Scientists use a mathematical subject called topology to study the shapes of objects. An important part of topology is counting the number of pieces and the number of holes in an object, and researchers use this information to group objects into different types. For example, a doughnut has the same number of holes and the same number of pieces as a teacup with one handle, but it is different from a ball. In studies that resemble activities like “connect-the-dots,” scientists use ideas from topology to study the “shape” of data.

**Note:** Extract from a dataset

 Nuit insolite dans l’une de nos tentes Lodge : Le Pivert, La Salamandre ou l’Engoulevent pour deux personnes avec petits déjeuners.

Ideas and methods from topology have been used to study the branching structures of veins in leaves, voting in elections, flight patterns in models of bird flocking, and more.
What is a Shape?
Shapes are so fundamental to our existence that our brains start to notice them when we are as young as 4 or 5 months old. But what exactly do we mean by “shape”? We are used to describing common shapes like lines, circles, and cubes, but what about more complicated objects, like a dragon or a Pokémon or a human being?
Topology is a branch of mathematics that concerns the shapes of things [1, 2]. To help us understand topology, let’s pretend that we have a circular rubber band. We want to describe the properties of an object that stay the same if we stretch it or shrink it or bend it, but without us gluing things together or breaking the object. From a topological viewpoint, because we can stretch the rubber band into an oval, we say that the circle and the oval are topologically equivalent. However, the rubber band is not topologically equivalent to a segment of a string, because the rubber band has a hole in the middle but the string does not. Remember that we are not allowed to glue the ends of the string together, and we are also not allowed to cut the rubber band.

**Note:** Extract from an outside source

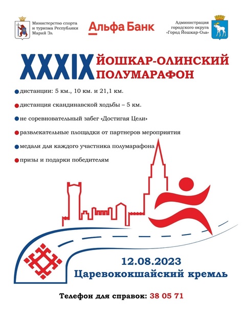 12 августа в столице Республики Марий Эл состоится XXXIХ Йошкар-Олинский полумарафон, посвященный Дню города и Дню физкультурника!

By figuring out which shapes are equivalent to each other in this special way, we can separate shapes into different groups. As an example, let’s assign the letters in the word “Pokémon” to groups of topologically equivalent objects. See the short animation in Video 1. The letters “P” and “o” belong to the same group, because we can compress the bottom part of the “P” upwards and then stretch the hole into the shape of the letter “o.” Consequently, “P” and the two instances of the letter “o” make up one group of topologically equivalent letters. The “k,” “m,” and “n” form a different group, because we can turn each of them into a dot by squeezing and bending them. The remaining letter, “é,” is an interesting one. Without its accent, we would be able to shrink the round tail of the “e” into the left side of the semicircle at the top of the letter. We could then stretch that semicircle into the shape of the letter “o,” which places it into the same group as “P” and “o.” However, with the accent, “é” has two separate pieces that we are not allowed to glue together, so it belongs to its own group.
Shapes that are in the same group have important features in common. Although the details of the shapes “P” and “o” differ, they both have one hole that we cannot remove. By contrast, the letters “k,” “m,” and “n” do not have any holes. If we look at the uppercase letter “B,” we see that it does not belong in either of these groups. It is, however, topologically equivalent to the number “8,” because both the “B” and the “8” have two holes. The number of pieces in an object is also important, so the “é” (with one hole and two pieces) belongs in a different group from all of the other letters that we have discussed. Try separating the letters in your name into groups of topologically equivalent letters.
Now let’s make things even more interesting by looking at some Pokémon themselves. For each Pokémon in Figure 1, count the numbers of pieces and holes. Are you able to group any of them together based on this information?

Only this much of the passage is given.